• _Task details_
Every entry is to be returned exactly as it stands; the pictures are to be dropped.

** The data follows **

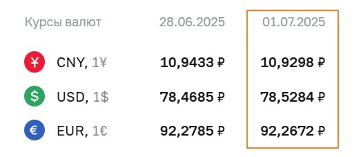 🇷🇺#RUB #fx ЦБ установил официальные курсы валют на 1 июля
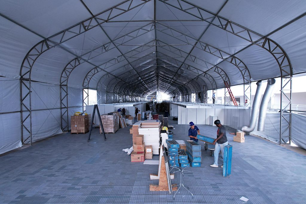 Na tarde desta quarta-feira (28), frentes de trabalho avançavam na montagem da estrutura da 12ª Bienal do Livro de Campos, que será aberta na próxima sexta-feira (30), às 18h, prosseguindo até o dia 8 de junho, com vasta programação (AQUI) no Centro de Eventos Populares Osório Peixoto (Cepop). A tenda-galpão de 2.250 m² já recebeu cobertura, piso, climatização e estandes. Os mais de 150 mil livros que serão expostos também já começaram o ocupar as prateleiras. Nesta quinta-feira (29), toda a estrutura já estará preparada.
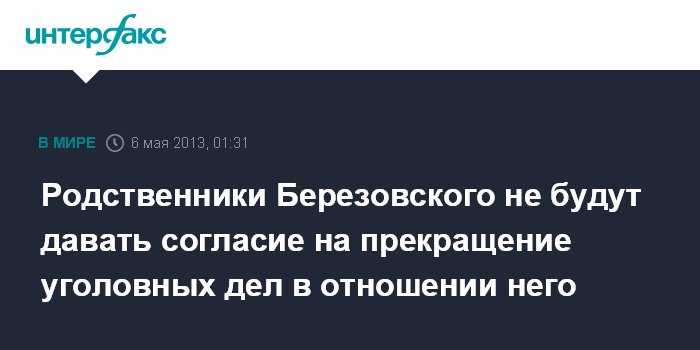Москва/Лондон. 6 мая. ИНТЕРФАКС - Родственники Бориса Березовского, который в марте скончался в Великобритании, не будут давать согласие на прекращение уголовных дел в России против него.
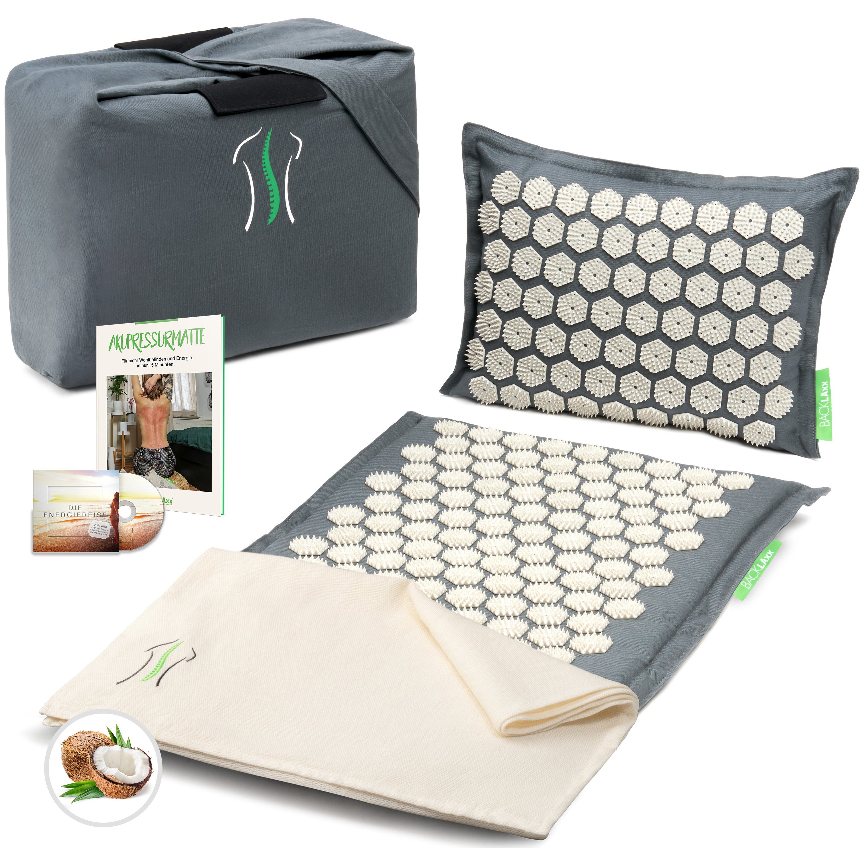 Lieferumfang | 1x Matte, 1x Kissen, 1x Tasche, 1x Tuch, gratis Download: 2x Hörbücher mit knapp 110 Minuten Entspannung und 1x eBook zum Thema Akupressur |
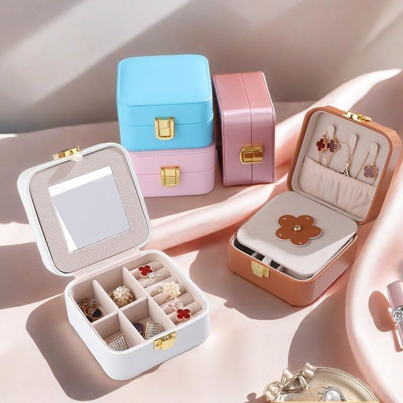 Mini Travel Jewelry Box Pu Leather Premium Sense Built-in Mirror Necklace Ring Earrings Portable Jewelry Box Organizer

** End of The data **

• _Answer below_
 🇷🇺#RUB #fx ЦБ установил официальные курсы валют на 1 июля
 Na tarde desta quarta-feira (28), frentes de trabalho avançavam na montagem da estrutura da 12ª Bienal do Livro de Campos, que será aberta na próxima sexta-feira (30), às 18h, prosseguindo até o dia 8 de junho, com vasta programação (AQUI) no Centro de Eventos Populares Osório Peixoto (Cepop). A tenda-galpão de 2.250 m² já recebeu cobertura, piso, climatização e estandes. Os mais de 150 mil livros que serão expostos também já começaram o ocupar as prateleiras. Nesta quinta-feira (29), toda a estrutura já estará preparada.
Москва/Лондон. 6 мая. ИНТЕРФАКС - Родственники Бориса Березовского, который в марте скончался в Великобритании, не будут давать согласие на прекращение уголовных дел в России против него.
 Lieferumfang | 1x Matte, 1x Kissen, 1x Tasche, 1x Tuch, gratis Download: 2x Hörbücher mit knapp 110 Minuten Entspannung und 1x eBook zum Thema Akupressur |
 Mini Travel Jewelry Box Pu Leather Premium Sense Built-in Mirror Necklace Ring Earrings Portable Jewelry Box Organizer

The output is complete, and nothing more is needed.